On a recent Saturday morning in June, residents streaming in and out of the Bay Pointe Apartments skewed young. One resident who moved to the complex just a few weeks ago was paying $3,000 a month for a one-bedroom apartment. Another told me that the complexes’ “amenities were not great,” and described a situation where they were initially promised a one-bedroom, only to spend their first month in the complex in a studio apartment. “I thought it was going to be better when new management came in, but they didn’t change anything,” one resident told me. Most of the people I encountered were aware of the recent management changes but had no idea that Blackstone was their new landlord, a trend that Guzman told me was ubiquitous among residents across Blackstone properties in San Diego County.

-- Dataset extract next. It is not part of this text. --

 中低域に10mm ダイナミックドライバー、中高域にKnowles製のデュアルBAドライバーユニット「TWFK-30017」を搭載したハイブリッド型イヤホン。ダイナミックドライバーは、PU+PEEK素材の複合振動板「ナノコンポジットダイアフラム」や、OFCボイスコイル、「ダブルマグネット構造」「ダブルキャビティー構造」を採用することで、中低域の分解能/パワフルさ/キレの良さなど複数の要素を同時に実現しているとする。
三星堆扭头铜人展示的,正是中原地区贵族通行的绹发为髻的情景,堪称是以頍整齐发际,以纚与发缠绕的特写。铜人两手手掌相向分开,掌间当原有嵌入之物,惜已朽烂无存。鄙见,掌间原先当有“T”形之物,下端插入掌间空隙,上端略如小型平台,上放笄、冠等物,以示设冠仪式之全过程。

With Blackstone’s increasing buy up of residential real estate, San Diego is now a textbook example of a half-century-long process that is making cities unaffordable for the middle and working class. In the first American great urban restructuring of the 20th century, the federal government propped up private investment in suburban neighborhoods through subsidizing infrastructure and the provision of low-interest 30-year loans, made available almost exclusively to white middle-class families. Blockbusting, redlining, and abandonment proliferated across U.S. cities in the aftermath, leaving predominantly Black and brown residents to organize their neighborhoods for themselves.

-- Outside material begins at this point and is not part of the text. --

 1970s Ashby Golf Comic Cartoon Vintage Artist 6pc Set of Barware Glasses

However, the flow of money outside of the city left urban areas vulnerable to further extraction. As early as the 1970s, New York, Philadelphia, and other cities began to see waves of gentrification. While some scholars were decrying gentrification as a product of the cultural tastes of what we would call hipsters today, others like the geographer Neil Smith were focused on flows of money and capital investment rather than individuals’ consumption habits. “Gentrification is a back to the city movement all right, but of capital rather than people,” he observed. “The people taking advantage of this returning capital are still, as yet, from the city.” Over 40 years ago, Smith presciently predicted how investment would reshape the American city, anticipating how first-wave gentrification was just the beginning of this new phase of the financialization of the housing stock.

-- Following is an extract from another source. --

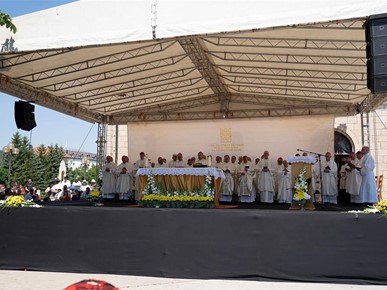 pozdrav je uputio apostolski nuncij u Bosni i Hercegovini i Crnoj Gori nadbiskup Francis Assisi Chullikatt. Među ostalim, naglasio je da, dok sveopća Crkva živi Jubilejsku godinu nade, slavenski narodi i cijela Europa sjećaju se svetih Ćirila i Metoda, apostola slavenskih. „Na ovaj isti dan, vi, dragi vjernici Hrvati, s opravdanim ponosom slavite 1100 (tisuću sto) godina od krunidbe vašeg prvog kralja, Tomislava, i drevne crkvene sabore u Splitu: ključne trenutke vaše kršćanske povijesti i vašeg narodnog identiteta. Ovdje, na ovom duvanjskom polju, susreću se pamćenje i vjera: prošlost i sadašnjost dodiruju se poput dviju ruku sklopljenih u molitvi. Ovdje se obnavlja duboki osjećaj pripadnosti: Kristovoj Crkvi, zajedništvu s Petrovim nasljednikom, vašoj duhovnoj baštini, koju je evanđelje oblikovalo i kovalo tijekom stoljeća“, rekao je, među ostalim, nuncij Chullikatt.

In a September 2021 Morningstar report describing the conditions of presale for Blackstone’s San Diego holdings, Bay Pointe is grouped together with several other similar properties. The properties named in the report had once been owned by Conrad Prebys, a San Diego developer who, upon getting to know the families across his complexes, significantly invested in Boys & Girls Clubs across the county. Not all landlords were as invested in their communities as Prebys and few management companies were saints, but they had been, for the most part, present in their own properties. They were accountable to their tenants through a legible logic of encountering them where they lived, ate, breathed, and played. Now communities like Bay Pointe have been transformed into something else entirely. As Morningstar recently put it: “the collateral consists of 32 Class B multifamily properties totaling 4,202 market-rate units in the greater San Diego area.” When homes become collateral—items of value that secure a loan or investment—residents become collateral damage. The assets continue to be acquired. The full extent of the damage is just beginning to be seen.

Valerie Stahl is an Assistant Professor of City Planning at San Diego State University. Her research focuses on public and affordable housing, community engagement, and zoning.